Exploring Deepseek’s Smaller AI Models and Their Capabilities

Deepseek : Exploring Deepseek's Smaller AI Models and Their Capabilities

The Deepseek R1 AI model has created quite a stir, not only because it works more efficiently than comparable models but also because the Chinese startup released it under an open-source license. This means anyone can theoretically use the model. However, in practice, not many individuals have the hardware to run the model at a reasonable speed.

Deepseek also released a series of smaller models alongside the R1 model. The company aims to demonstrate how “reasoning,” the model’s ability to draw conclusions from given information, can be transferred to smaller models. These smaller models are not variants of R1. Instead, Deepseek used a process called distillation, where the capabilities of a larger, complex model are transferred to a simpler model.

In the case of the smaller Deepseek models, R1 was used to transfer capabilities to different-sized model variants of Meta’s Llama 3.1 and Alibaba’s Qwen2.5-Math, optimized for math tasks. However, this method has its limits. A model with seven billion parameters will not deliver the same quality as a model with over 600 billion parameters. Despite efficiency improvements, the rule “more is better” still applies.

With tools like LM Studio, you can easily run the small Deepseek models locally on your computer. There are various methods to execute language models on a home computer. A popular tool is Ollama, a command-line tool without a graphical interface. While perfect for developers wanting to process AI-generated data directly, we suggest a simpler method for those without terminal experience.

LM Studio is available for free on Macs with Apple Silicon, Windows, and Linux. After installation, LM Studio will ask which language model you want to download. Deepseek has released six distilled model variants. Your hardware might not be strong enough for the larger ones, but LM Studio will warn you if that’s the case.

We focus on the medium model variants DeepSeek-R1-Distill-Qwen-7B and DeepSeek-R1-Distill-Llama-8B. You can find them through the model search in LM Studio, accessible via the magnifying glass icon in the right navigation bar.
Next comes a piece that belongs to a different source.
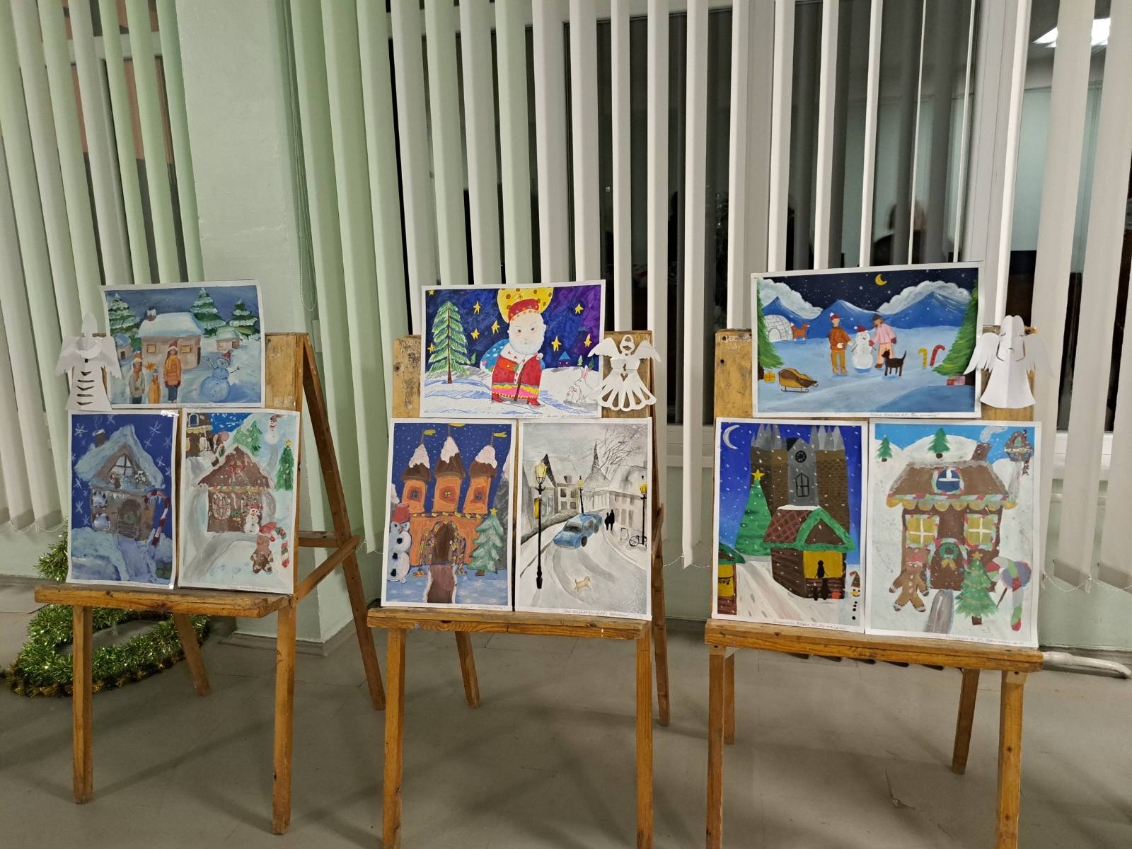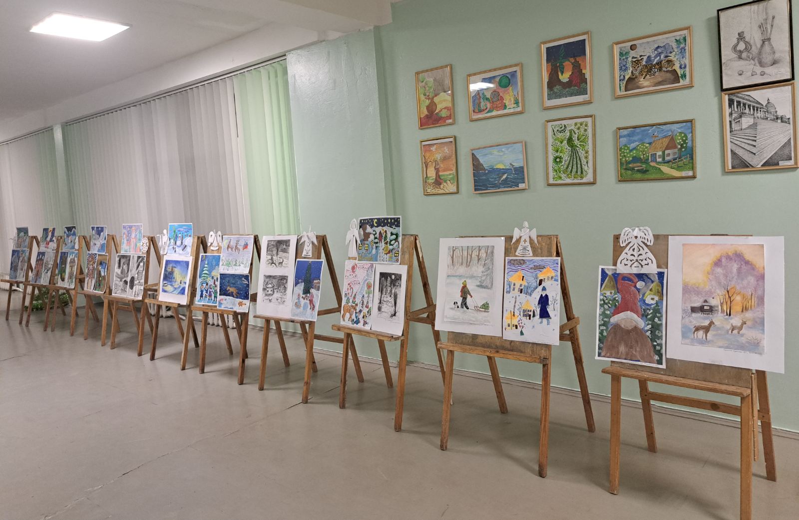 К созданию особой атмосферы также приобщились ученики художественного отделения школы. Дети украсили холл собственными работами. Картины с зимними пейзажами, сказочными героями и яркими новогодними мотивами добавили уюта праздничному мероприятию.

It is impressive how these models demonstrate their reasoning abilities with moderate CPU and memory usage on a MacBook Air with an M1 chip. In LM Studio, this process is hidden by default. To view it, click on the “Thoughts” field or go to “Appearance” and activate the “Expand reasoning blocks by default” slider.

While Deepseek’s website and app comply with Chinese censorship rules, you don’t have to worry about this with self-hosted Deepseek models. Both DeepSeek-R1-Distill-Qwen-7B and DeepSeek-R1-Distill-Llama-8B correctly answer questions about the Tian’anmen Square incident.

Both models reliably handle math and coding tasks, although their results don’t match the quality of large cloud models. This is also evident when dealing with different languages. You can write prompts in German, but sometimes English mixes into the responses.

Due to the models’ small size, quality compromises are still necessary, and this won’t change soon. However, the models show progress in this area. Notably, the DeepSeek-R1-Distill-Qwen-7B surpasses OpenAI’s o1-mini in some math benchmarks.